State lawmakers are considering legislation to repair the under-resourced process by which doctors have the authority to hold a person against their will for emergency psychiatric treatment.

House Bill 1013, already passed by the House, would assemble a task force to address the lack of infrastructure and mental health specialists who treat patients for involuntary psychiatric hospitalizations. It is now being deliberated in the Senate.

Colloquially referred to as an MH-1, involuntary emergency psychiatric treatments occur when police transport people considered to pose a danger to themselves or others — but have not committed a crime — to a hospital to receive care. These patients — either mentally ill or in a state of crisis — cannot be held against their will by doctors for more than 48 hours.

Often these interventions are inadequate.

Queens Emergency Room.
The Queen’s Medical Center treats more emergency psychiatric patients than anywhere else in the state. New data illuminates why these short-term hospitalizations sometimes fall short of preventing future crises. Cory Lum/Civil Beat

A report published last year through collaboration of the Honolulu Police Department and health care agencies shows that hundreds of so-called MH-1 patients on Oahu go on to experience repeated hospitalizations and brushes with law enforcement, sometimes just days after their release.

The report’s conclusion: People with the most severe cases of mental illness aren’t getting the help they need. Instead, they are funneled through a revolving door of short-term hospitalizations.

The doctor’s job in these situations is to pull the patient out of the throes of crisis. But for people with persistent mental illness, it can be all too easy to fall back into crisis again.
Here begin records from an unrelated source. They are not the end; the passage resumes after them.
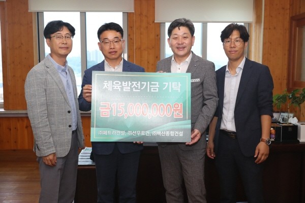 ㈜페트라건설, ㈜선우토건, ㈜백산종합건설, 고성군 체육발전기금 1500만원 기탁
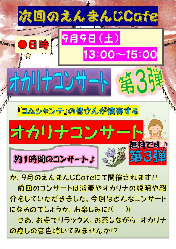 お知らせ 2023/08/25 えんまんじcafe23’9月のご案内 9月のえんまんじcafeはオカリナコンサートです!曲目は当日のお楽しみ(^_^)/cafeの時間はいつも通りで、その内の約1時間くらいをオカリナコンサートの予定にしています。 9月9日(土)13~15時です。どんなコンサートになるのか楽しみですね。どうぞ気軽にお越し下さいませ♪
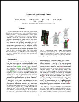 We present a method for computing Ambient Occlusion (AO) for a stack of images of a scene from a fixed viewpoint. Ambient occlusion, a concept common in computer graphics, characterizes the local visibility at a point: it approximates how much light can reach that point from different directions without getting blocked by other geometry. While AO has received surprisingly little attention in vision, we show that it can be approximated using simple, per-pixel statistics over image stacks, based on a simplified image formation model. We use our derived AO measure to compute reflectance and illumination for objects without relying on additional smoothness priors, and demonstrate state-of-the art performance on the MIT Intrinsic Images benchmark. We also demonstrate our method on several synthetic and real scenes, including 3D printed objects with known ground truth geometry.
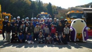 1・2年生が京都府除雪機械出動式に出席しました。激励の言葉を伝え、みんなで書いたメッセージや花束を渡しました。除雪機械が1年生の「除雪機機械、前へ、進め!」の合図で少し前に進みました。除雪機械に乗せてもらったり、質問に答えていただきました...
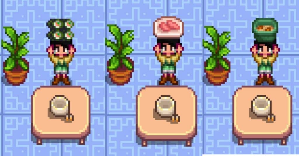 | Trout Soup | • Rainbow Trout (1) • Green Algae (1) | +100 | +180 | +45 | +81 | +1 Fishing (4 minutes and 39 seconds) | None | 100g | 150g | Tune in The Queen of Sauce in Year 1, Fall 14 |
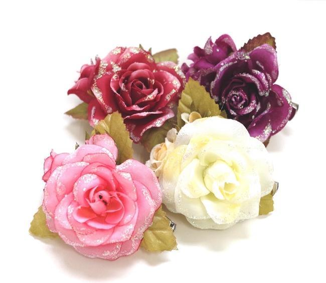 【特価】コサージュ 小さめ 薔薇 ローズ オーロララメ ブローチ&ヘアクリップ 髪飾り ヘアアクセサリー
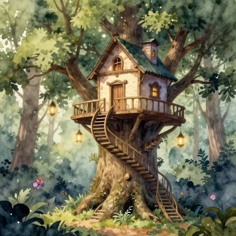 Small fantasy house perched atop a giant tree, wooden stairs winding around the trunk, lanterns hanging from branches, mystical forest background, dreamy and serene, watercolor style
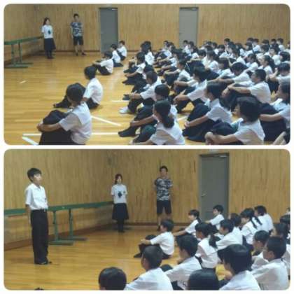 先週の学年集会から学級委員長が進行を務めるようになり、今日は2組委員長の藤下さんが司会を務めました。
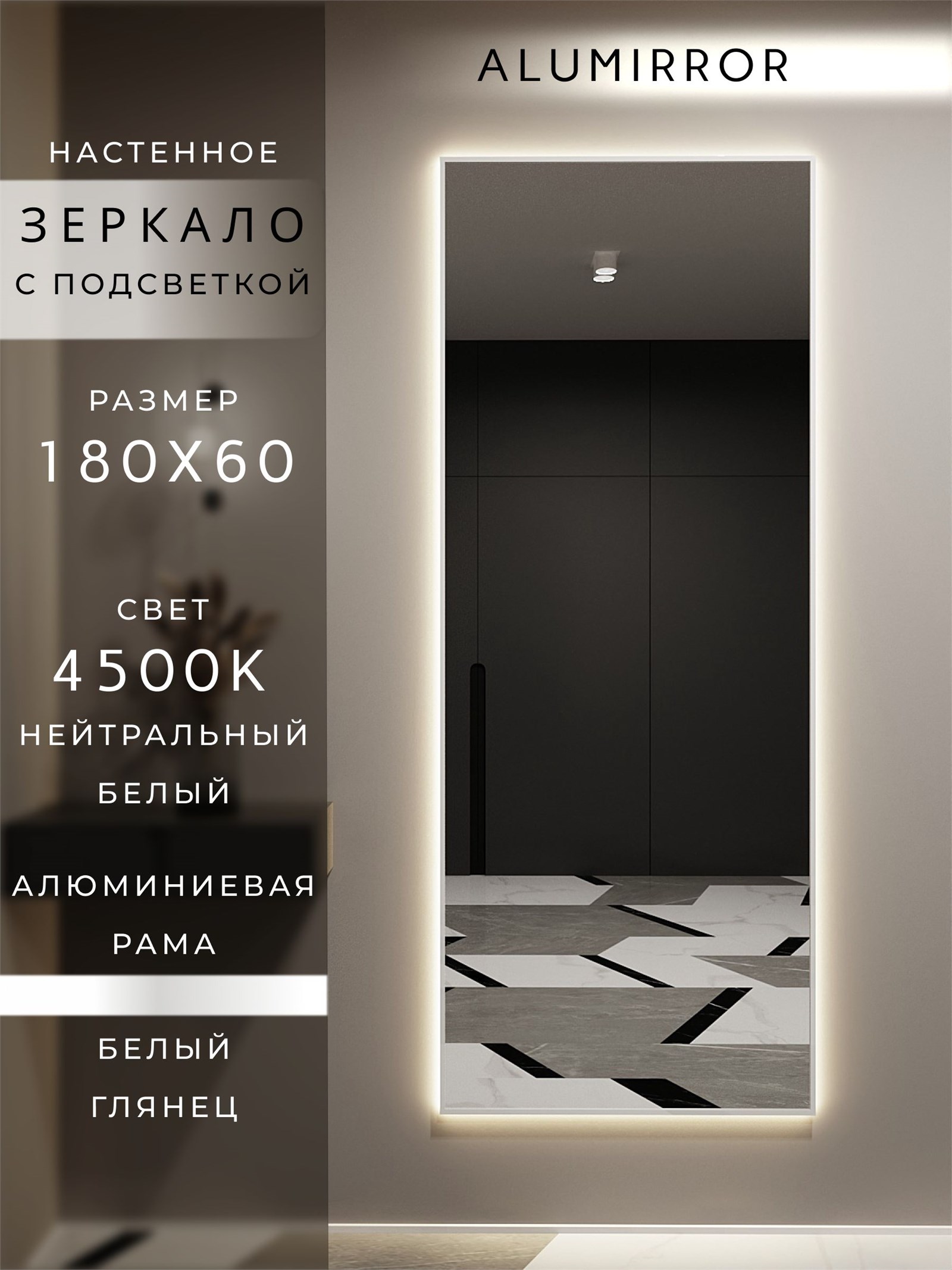 Зеркало настенное 180х60 см с подсветкой. Свет: Нейтральный белый 4500К. В алюминиевой раме интерьерное ALUMIRROR

The issue is further complicated by the fact that many of these patients are adamant in their refusal of mental health services.

Each time a mental health intervention falls short, research shows the person becomes sicker, more difficult to treat and more likely to engage in serious criminal behavior.

Meanwhile, repeat MH-1 patients are overwhelming emergency medicine departments. And they are raising questions about the state’s lack of mental health resources, as well as the merits of protecting a person’s civil liberty to refuse psychiatric treatment — even when they’re too sick to recognize they are suffering from mental illness.

“If we feel they have insight and awareness to make decisions, then we can’t forcefully hold them against their will — even if they have chronic mental illness and they’re always delusional,” said Howie Klemmer, chief of emergency medicine at The Queen’s Medical Center.

“It’s a free country, you’re allowed to think what you want to think and you’re allowed to do what you want to do, as long as you don’t break laws.”

In one remarkable example, a woman was struck and killed by a pickup last summer while walking in the middle of the fast lane on Interstate H-2. Her death occurred less than two weeks after police hospitalized her against her will for wandering around naked and shouting about demons in the middle of a congested road.

Although cases that end in death are rare, many situations risk the safety of the public or the person who’s sick.

The challenge, according to Institute for Human Services Clinical Director Jerry Coffee, is finding a way to provide patients with substantial treatment despite a lack of resources and a legal environment that prohibits doctors from treating people without their consent for longer than two days. In many cases, he said, doctors are releasing people on the brink of reverting to crisis.

“They’ll give them a shower, give them an egg salad sandwich, give them a Gatorade and as soon as they contract for safety and they get linear and they get rehydrated, they say, ‘I don’t want any services,’ and the hospital will let them go,” Coffee said. “That’s typically what happens.”

In HB 1013, lawmakers are seeking to improve access to treatment under the MH-1 process for people who either have a mental illness or are in a state of crisis while reducing the number of patients admitted for emergency psychiatric care who could more appropriately be served by another hospital unit.

The task force that would examine this and other problems with the MH-1 process would include in its membership state Health Director Bruce Anderson, Hawaii Attorney General Clare Connors, Dean of the John A. Burns School of Medicine Jerris Hedges, the chief of police for each county, key lawmakers and mental health advocates.

In 2018, Queen’s hospital admitted more than 1,700 MH-1 patients for mental health evaluations. Approximately 85 percent of them did not require specialized psychiatric treatment and could have been seen by another emergency department, according to testimony to lawmakers last month.

Queen’s treats more MH-1 patients than anywhere else in the state, but it has only six psychiatric beds in its emergency department.

“Although we have six dedicated patient rooms for treating those with psychiatric illnesses,” Queen’s executive vice president Paula Yoshioka said in written testimony, “we have experienced times when these rooms were full, leaving us to find space in our (emergency department) to evaluate and treat. This creates an unsafe environment and stresses an already over-capacity (emergency department) that the community relies on.”